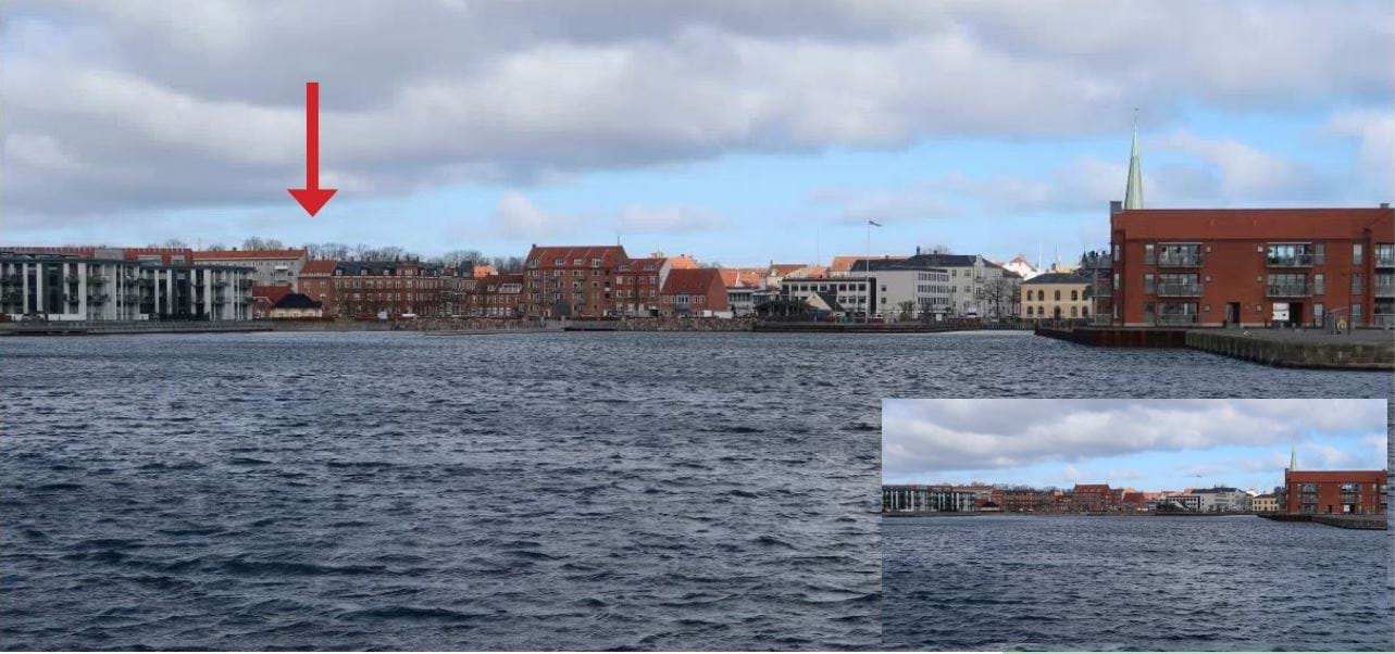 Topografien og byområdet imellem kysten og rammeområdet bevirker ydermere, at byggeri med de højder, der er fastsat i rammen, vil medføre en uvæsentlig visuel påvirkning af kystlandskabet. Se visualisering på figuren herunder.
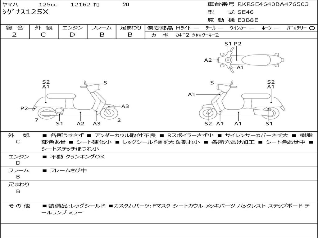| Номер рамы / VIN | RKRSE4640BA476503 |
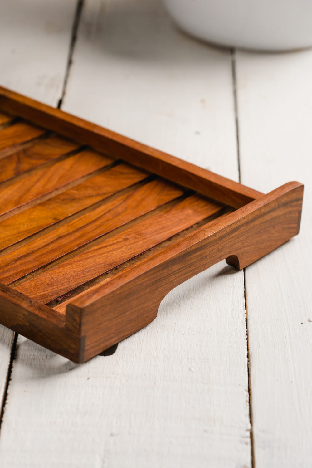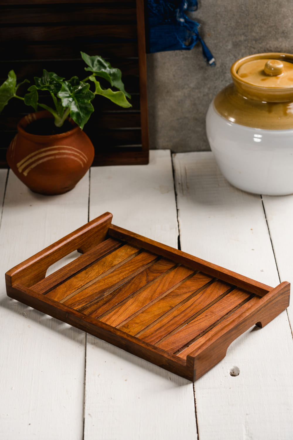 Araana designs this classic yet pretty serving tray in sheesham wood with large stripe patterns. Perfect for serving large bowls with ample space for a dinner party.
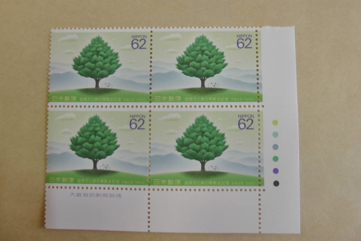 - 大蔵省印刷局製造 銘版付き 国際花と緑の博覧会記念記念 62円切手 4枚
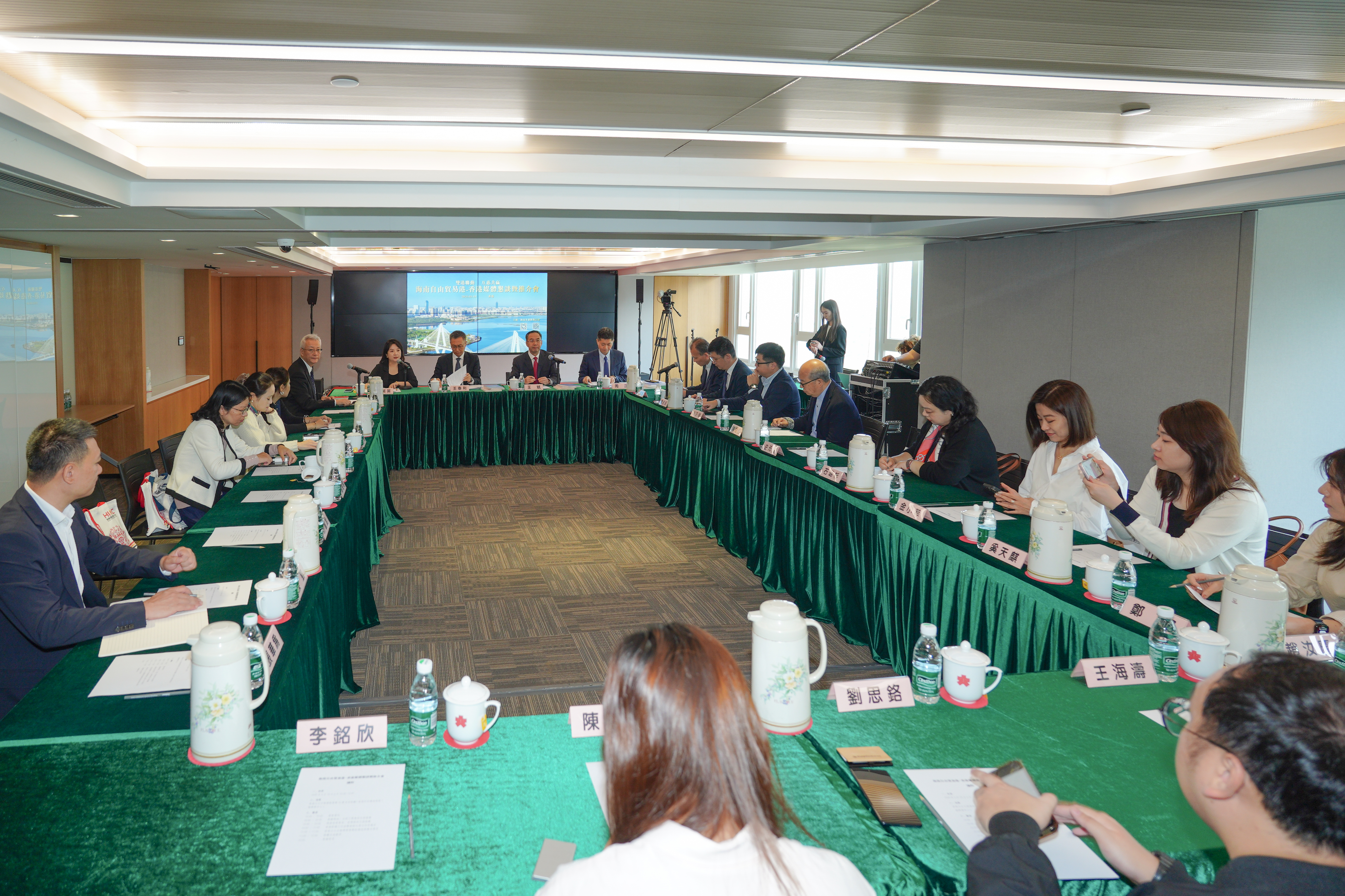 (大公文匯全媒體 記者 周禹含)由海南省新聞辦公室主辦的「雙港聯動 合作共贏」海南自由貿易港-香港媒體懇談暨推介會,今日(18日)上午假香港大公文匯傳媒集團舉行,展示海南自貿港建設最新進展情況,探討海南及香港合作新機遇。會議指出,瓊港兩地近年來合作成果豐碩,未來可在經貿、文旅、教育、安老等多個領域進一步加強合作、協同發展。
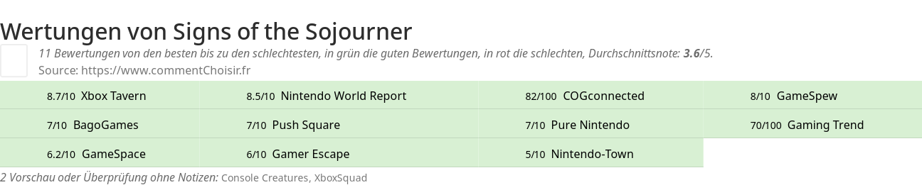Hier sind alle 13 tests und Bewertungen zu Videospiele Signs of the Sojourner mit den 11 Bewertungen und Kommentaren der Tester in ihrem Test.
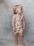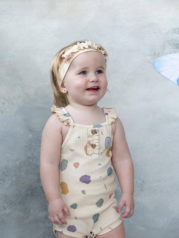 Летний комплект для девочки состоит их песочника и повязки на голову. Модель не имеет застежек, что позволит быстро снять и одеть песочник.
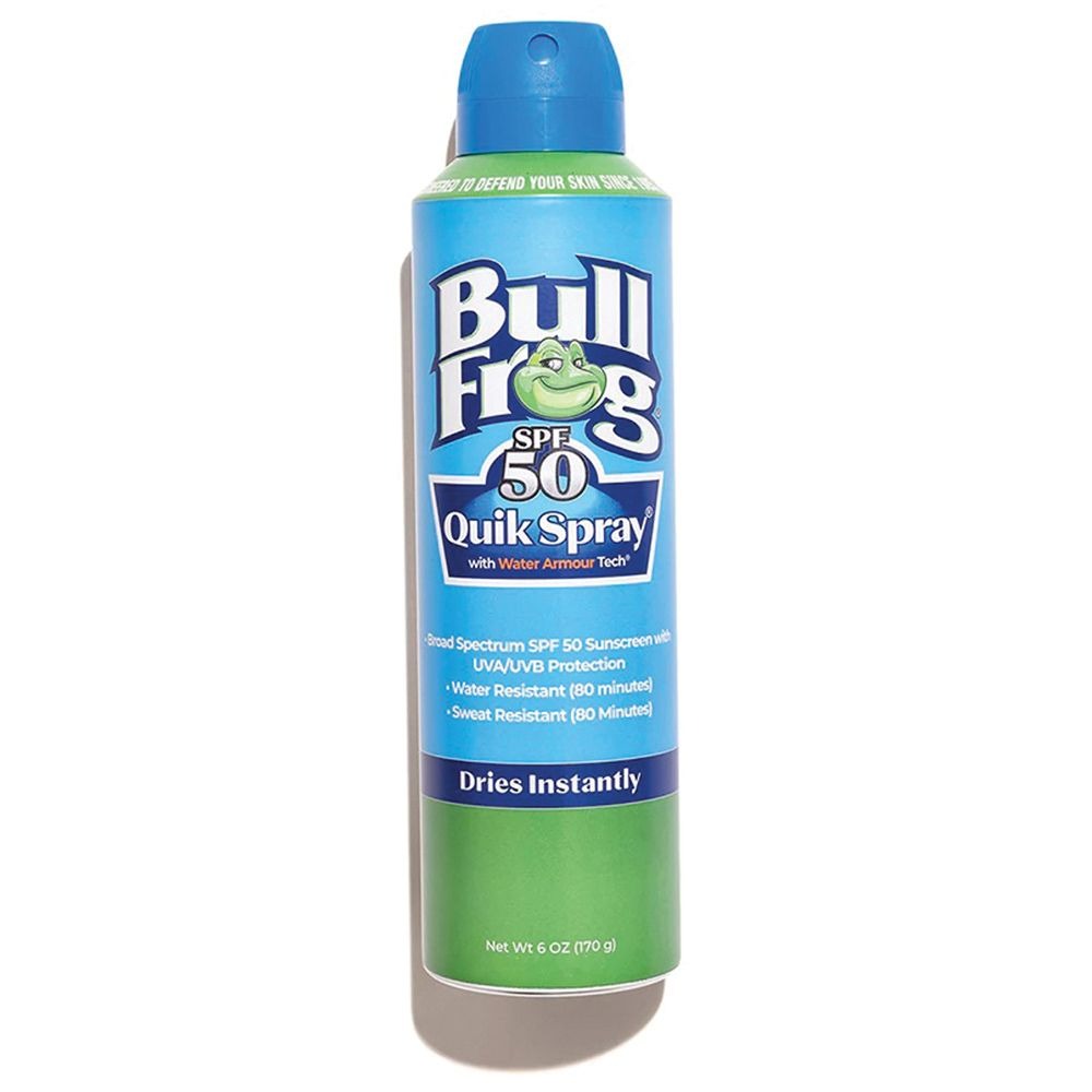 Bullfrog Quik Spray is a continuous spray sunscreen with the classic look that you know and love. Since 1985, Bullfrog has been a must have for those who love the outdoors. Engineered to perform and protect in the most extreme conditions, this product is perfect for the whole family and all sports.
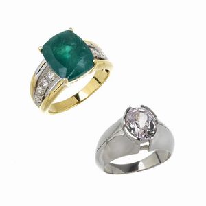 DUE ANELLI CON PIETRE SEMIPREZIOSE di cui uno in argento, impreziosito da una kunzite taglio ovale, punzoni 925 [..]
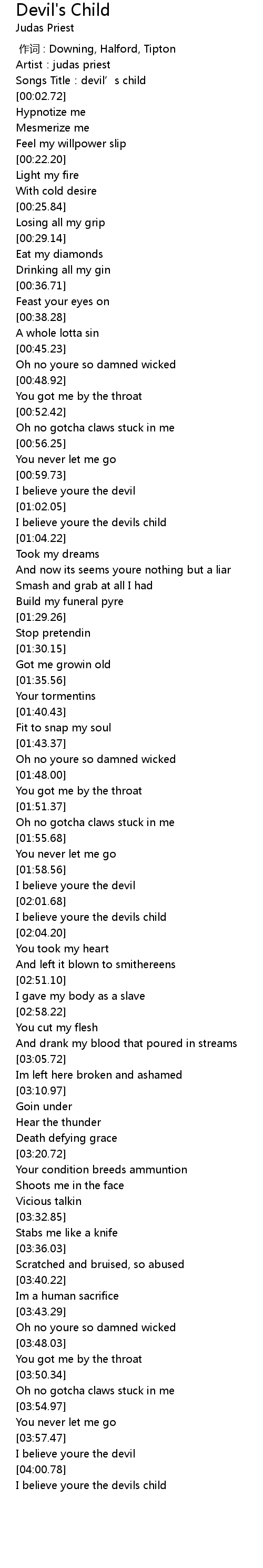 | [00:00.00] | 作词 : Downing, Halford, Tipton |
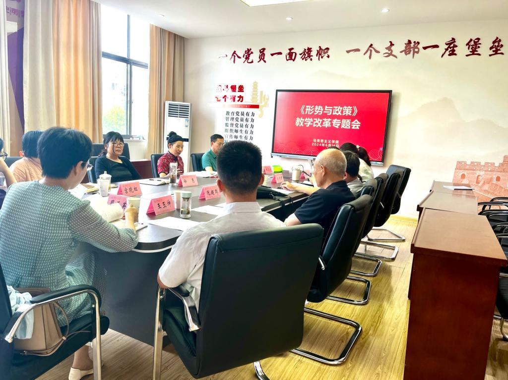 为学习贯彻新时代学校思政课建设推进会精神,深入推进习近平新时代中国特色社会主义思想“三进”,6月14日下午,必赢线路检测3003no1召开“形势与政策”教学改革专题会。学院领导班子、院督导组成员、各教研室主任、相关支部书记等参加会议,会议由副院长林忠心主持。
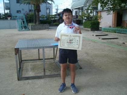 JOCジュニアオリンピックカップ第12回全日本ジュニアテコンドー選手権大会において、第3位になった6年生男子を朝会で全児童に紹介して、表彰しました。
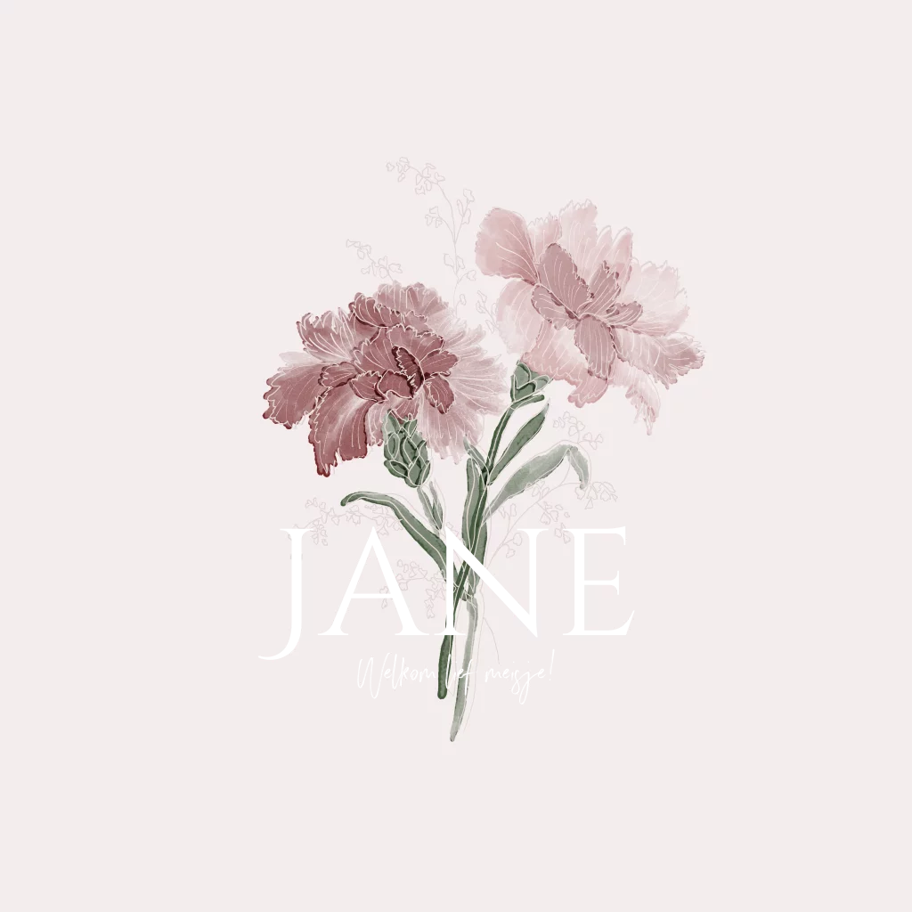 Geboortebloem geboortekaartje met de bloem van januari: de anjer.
^^^^^^^^
# TASK TO COMPLETE
Copy nothing but the lines from the first one in the listing through the line with "VIN | RKRSE4640BA476503 |", and omit the pictures.

# ANSWER TO THIS TASK
 Topografien og byområdet imellem kysten og rammeområdet bevirker ydermere, at byggeri med de højder, der er fastsat i rammen, vil medføre en uvæsentlig visuel påvirkning af kystlandskabet. Se visualisering på figuren herunder.
| Номер рамы / VIN | RKRSE4640BA476503 |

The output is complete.